## [TASK STATEMENT]
Omit the images. Reproduce each line of the records exactly as it appears.

### EXTRACTED ENTRIES ###

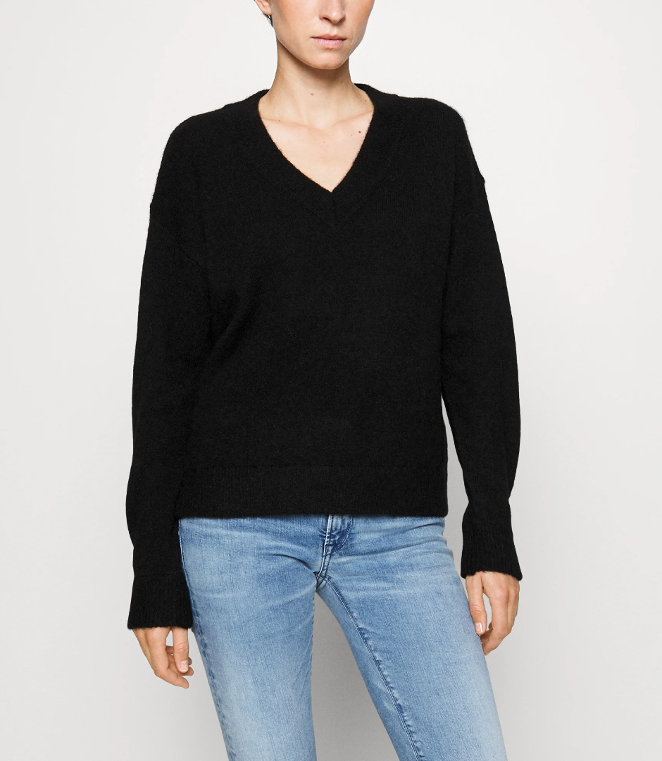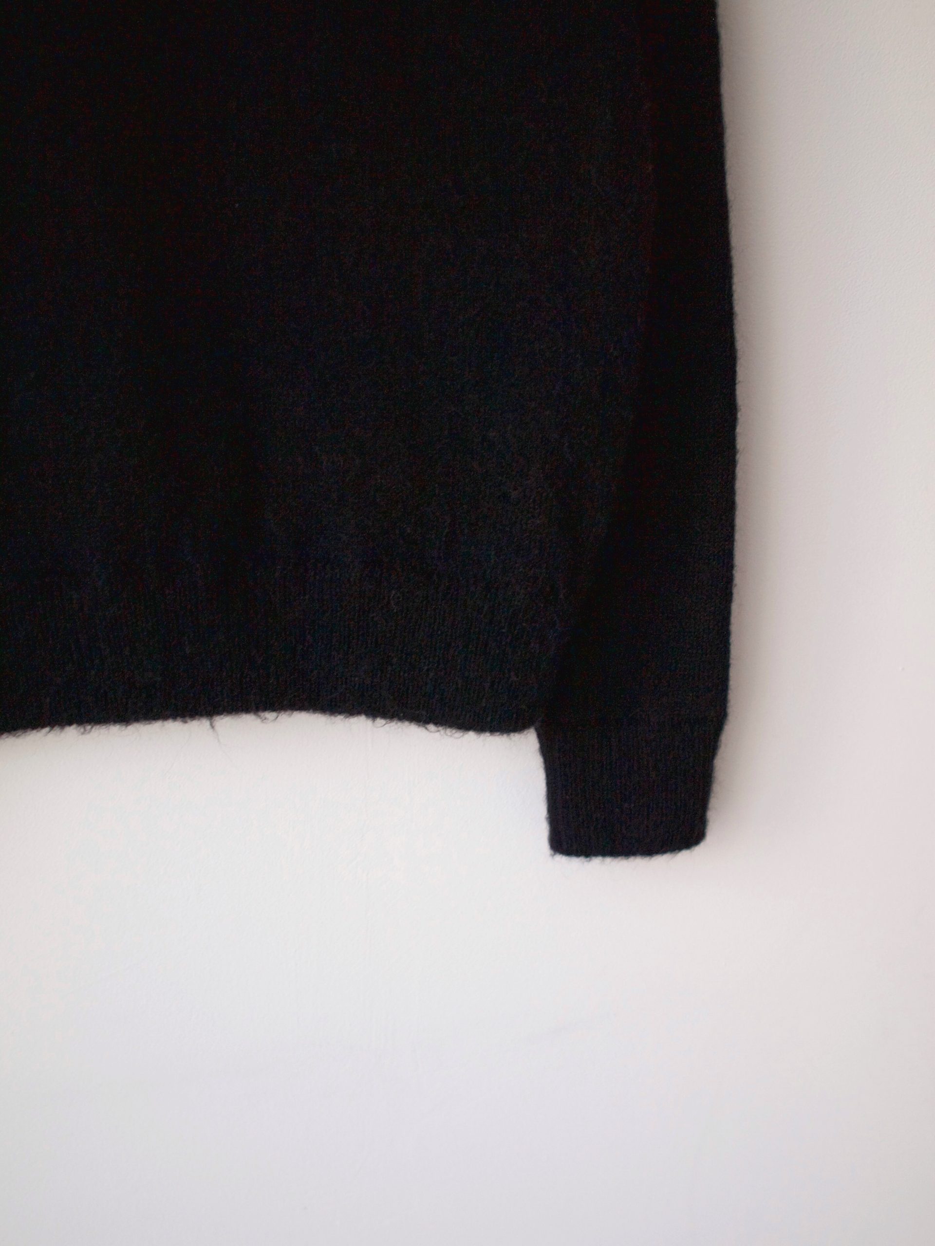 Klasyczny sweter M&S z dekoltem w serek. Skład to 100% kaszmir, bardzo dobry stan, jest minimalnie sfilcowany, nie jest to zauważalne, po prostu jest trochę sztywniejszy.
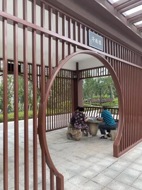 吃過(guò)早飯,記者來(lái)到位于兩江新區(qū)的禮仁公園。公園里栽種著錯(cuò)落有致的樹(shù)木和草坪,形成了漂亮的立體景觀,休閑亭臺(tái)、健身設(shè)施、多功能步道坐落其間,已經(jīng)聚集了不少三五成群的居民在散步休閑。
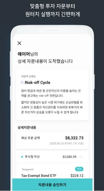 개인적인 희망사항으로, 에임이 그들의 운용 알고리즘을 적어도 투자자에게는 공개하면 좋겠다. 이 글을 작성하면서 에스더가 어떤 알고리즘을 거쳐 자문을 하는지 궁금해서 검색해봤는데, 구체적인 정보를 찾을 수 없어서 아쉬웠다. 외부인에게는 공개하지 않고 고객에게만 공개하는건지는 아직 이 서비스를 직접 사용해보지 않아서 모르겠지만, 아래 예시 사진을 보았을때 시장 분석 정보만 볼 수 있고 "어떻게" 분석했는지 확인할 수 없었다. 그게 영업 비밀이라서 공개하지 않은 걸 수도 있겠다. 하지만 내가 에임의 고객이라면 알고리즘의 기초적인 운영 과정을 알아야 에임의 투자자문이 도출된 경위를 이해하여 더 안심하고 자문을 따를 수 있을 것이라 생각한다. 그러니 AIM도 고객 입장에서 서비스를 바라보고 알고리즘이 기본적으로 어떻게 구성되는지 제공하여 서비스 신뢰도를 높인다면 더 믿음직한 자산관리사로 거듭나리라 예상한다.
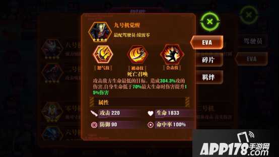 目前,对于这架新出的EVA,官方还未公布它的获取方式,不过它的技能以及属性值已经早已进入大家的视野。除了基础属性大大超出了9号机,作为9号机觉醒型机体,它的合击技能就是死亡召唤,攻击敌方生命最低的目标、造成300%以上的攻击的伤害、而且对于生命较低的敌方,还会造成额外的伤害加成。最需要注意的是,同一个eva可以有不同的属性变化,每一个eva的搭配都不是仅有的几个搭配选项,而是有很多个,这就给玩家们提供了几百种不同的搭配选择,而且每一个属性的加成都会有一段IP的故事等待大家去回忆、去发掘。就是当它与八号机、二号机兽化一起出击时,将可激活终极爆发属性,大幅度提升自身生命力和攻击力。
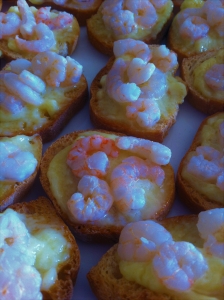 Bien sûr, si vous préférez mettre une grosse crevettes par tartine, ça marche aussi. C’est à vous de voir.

###

## [RESULT FOR THIS TASK]
 Klasyczny sweter M&S z dekoltem w serek. Skład to 100% kaszmir, bardzo dobry stan, jest minimalnie sfilcowany, nie jest to zauważalne, po prostu jest trochę sztywniejszy.
 吃過(guò)早飯,記者來(lái)到位于兩江新區(qū)的禮仁公園。公園里栽種著錯(cuò)落有致的樹(shù)木和草坪,形成了漂亮的立體景觀,休閑亭臺(tái)、健身設(shè)施、多功能步道坐落其間,已經(jīng)聚集了不少三五成群的居民在散步休閑。
 개인적인 희망사항으로, 에임이 그들의 운용 알고리즘을 적어도 투자자에게는 공개하면 좋겠다. 이 글을 작성하면서 에스더가 어떤 알고리즘을 거쳐 자문을 하는지 궁금해서 검색해봤는데, 구체적인 정보를 찾을 수 없어서 아쉬웠다. 외부인에게는 공개하지 않고 고객에게만 공개하는건지는 아직 이 서비스를 직접 사용해보지 않아서 모르겠지만, 아래 예시 사진을 보았을때 시장 분석 정보만 볼 수 있고 "어떻게" 분석했는지 확인할 수 없었다. 그게 영업 비밀이라서 공개하지 않은 걸 수도 있겠다. 하지만 내가 에임의 고객이라면 알고리즘의 기초적인 운영 과정을 알아야 에임의 투자자문이 도출된 경위를 이해하여 더 안심하고 자문을 따를 수 있을 것이라 생각한다. 그러니 AIM도 고객 입장에서 서비스를 바라보고 알고리즘이 기본적으로 어떻게 구성되는지 제공하여 서비스 신뢰도를 높인다면 더 믿음직한 자산관리사로 거듭나리라 예상한다.
 目前,对于这架新出的EVA,官方还未公布它的获取方式,不过它的技能以及属性值已经早已进入大家的视野。除了基础属性大大超出了9号机,作为9号机觉醒型机体,它的合击技能就是死亡召唤,攻击敌方生命最低的目标、造成300%以上的攻击的伤害、而且对于生命较低的敌方,还会造成额外的伤害加成。最需要注意的是,同一个eva可以有不同的属性变化,每一个eva的搭配都不是仅有的几个搭配选项,而是有很多个,这就给玩家们提供了几百种不同的搭配选择,而且每一个属性的加成都会有一段IP的故事等待大家去回忆、去发掘。就是当它与八号机、二号机兽化一起出击时,将可激活终极爆发属性,大幅度提升自身生命力和攻击力。
 Bien sûr, si vous préférez mettre une grosse crevettes par tartine, ça marche aussi. C’est à vous de voir.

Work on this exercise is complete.